Valena shrugged. “The isotope ratios are a proxy for temperature. It’s simple physics. The laws of thermodynamics. The hydrogen in the water molecule is a slightly different story. Hydrogen typically has just one proton, but sometimes two. We call that deuterium. How much deuterium you find in the ice is a reflection of the temperature of the water that evaporated to form the cloud. So by analyzing the isotopes in the ice, you can read the surface temperature of the ocean waters up in the tropics where the water left the ocean and entered the atmosphere as vapor.”

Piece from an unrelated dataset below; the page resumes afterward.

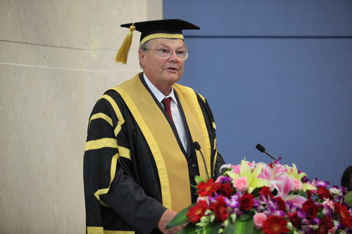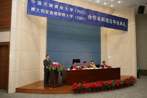 典礼首先由澳大利亚查尔斯特大学校长 Lawrence Willett 致辞,他表达了自己对 2012 届毕业生的良好祝愿,并希望两校的合作办学关系更加紧密。之后,副校长葛宝臻教授在典礼上讲话,他向远道而来的客人及学生家长表示了欢迎,并向获得澳方商务研究学士学位的同学们表示祝贺,同时鼓励大家抓住历史机遇,立志图强,并希望同学们心系师生情谊,关心母校发展。

“So even though you drill in Antarctica, it’s not just about Antarctica.”
Valena laughed. “Why would the taxpayers who are paying for this research care how cold it is in the middle of Antarctica? We chose the WAIS Divide site because it will give us a global record. We’ll study the dust in the ice to figure out where it came from and how hard the wind was blowing. That tells us about atmospheric circulation patterns throughout this hemisphere. The amount of salt tells us how far into the ocean the sea ice extended around Antarctica, another indicator of ocean currents and global temperature. Organic compounds tell us about marine productivity in the southern oceans. The chemical and optical properties of summer snow and winter snow are different, so we can make measurements on the ice core that identify each annual layer of snowfall. It’s like counting tree rings, really old tree rings. But the gasses, they rock.”